The book is divided into eight chapters. In the introduction, the authors analyze the various objects portrayed in Hans Holbein the Younger's 1533 painting The Ambassadors as a way of illustrating the "distinctly geopolitical character of the origins of capitalism".^{:2-4} They go on to identify "three interrelated assumptions" about these origins that they view as Eurocentric: methodological internalism, which conceives of European development as primarily a result of internal or "endogenous" factors; historical priority, which defines "the specificity and distinctness of Western modernity" in contrast to the "East"; and linear developmentalism, which posits "universal [stages] of development" through which all societies must pass.^{:4-5}

The first chapter surveys the existing literature on the development of capitalism, focusing in particular on Political Marxist, postcolonial, and world-systems approaches. The second chapter introduces Leon Trotsky's theory of uneven and combined development as a way to overcome the perceived Eurocentrism of these past approaches.

== Reception ==
Economic historian Chris Grocott positively reviewed the book, saying it "challenges the received wisdom of capitalist development".

Sociologist Sung Hee Ru said the book "[breaks] the trite, obsolete and slanted explanations within macrohistorical sociology about the ascendancy of the West" and "profoundly challenges accounts of Europe's rise as self-generating".

Salvador Ousmane's review for the Review of African Political Economy called the book "an important introduction to a truly global history of the origins of capitalism".

Historian Henry Heller described the book as "the most comprehensive and systematic answer to [Robert Brenner]" and "a fully theorized understanding of capitalism's global origins", but wished that it had "theoretically clarified the relationship between capital accumulation in Europe and overseas exploitation".

International relations scholar Cüneyt Doğrusözlü criticized the book for lacking a rationale for which societies and historical events were excluded from its account, but said it was nevertheless "a good contribution to the research seeking to escape from the ontological singularity that lies at heart of Eurocentrism".

Novelist and philosopher Tony McKenna praised the book's account of the Ottoman Empire and the encomienda system, but criticized it for overstating the role of plantation slavery in the development of capitalism.

Ashley Smith called the book "provocative and brilliant", but criticized it for being written in an unnecessarily opaque style. He also took issue with its application of combined development to precapitalist societies, its endorsement of Dipesh Chakrabarty's postcolonial theory, and its critiques of revolutionary party-building and the centrality of the proletariat to revolution.

=== University of Nottingham symposium ===

On 7 June 2016, the Center for the Study of Social and Global Justice at the University of Nottingham's School of Politics and International Relations held a symposium on the book. Anievas and Nişancioğlu introduced their main arguments, followed by four critical responses from interlocutors, which the authors then replied to before the discussion was opened up to the floor. It was later republished by the Progress in Political Economy blog associated with the Department of Political Economy at the University of Sydney.

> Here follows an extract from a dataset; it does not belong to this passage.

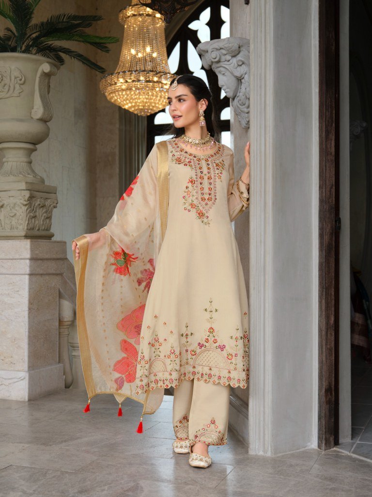 Lily And Lali Sarvari Designer Chinon Silk Suit Set with Hand Embroidery And Exclusive Dupatta Work Wholesale

=== Historical Materialism symposium ===

In 2018, the journal Historical Materialism published a similar symposium where the book was critically reviewed by six authors, followed by a response from Anievas and Nişancıoğlu themselves.

== Awards ==
The book won the 2016 International Political Economy Working Group Book Prize of the British International Studies Association and the 2017 IPS Book Award of the International Studies Association.